:: DATASET
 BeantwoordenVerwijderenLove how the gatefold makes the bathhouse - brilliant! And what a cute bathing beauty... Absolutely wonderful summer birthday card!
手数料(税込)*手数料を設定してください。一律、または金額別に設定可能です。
::::
:: DATASET
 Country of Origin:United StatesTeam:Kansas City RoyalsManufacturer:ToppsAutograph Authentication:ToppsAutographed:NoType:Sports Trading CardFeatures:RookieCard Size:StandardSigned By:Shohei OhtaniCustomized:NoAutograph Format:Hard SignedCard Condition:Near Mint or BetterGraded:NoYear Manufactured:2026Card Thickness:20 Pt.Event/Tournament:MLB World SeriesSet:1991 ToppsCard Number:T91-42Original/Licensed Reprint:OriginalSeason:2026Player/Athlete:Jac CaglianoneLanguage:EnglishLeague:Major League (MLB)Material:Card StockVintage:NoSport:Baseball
::::
# ACTIVITY:
Find the line with "BeantwoordenVerwijderenLove how the" in the material above. Reproduce it and each line after it up to and including the line with "手数料(税込)*手数料を設定してください。一律、または金額別に設定可能です。".

# WRITTEN REPLY:
 BeantwoordenVerwijderenLove how the gatefold makes the bathhouse - brilliant! And what a cute bathing beauty... Absolutely wonderful summer birthday card!
手数料(税込)*手数料を設定してください。一律、または金額別に設定可能です。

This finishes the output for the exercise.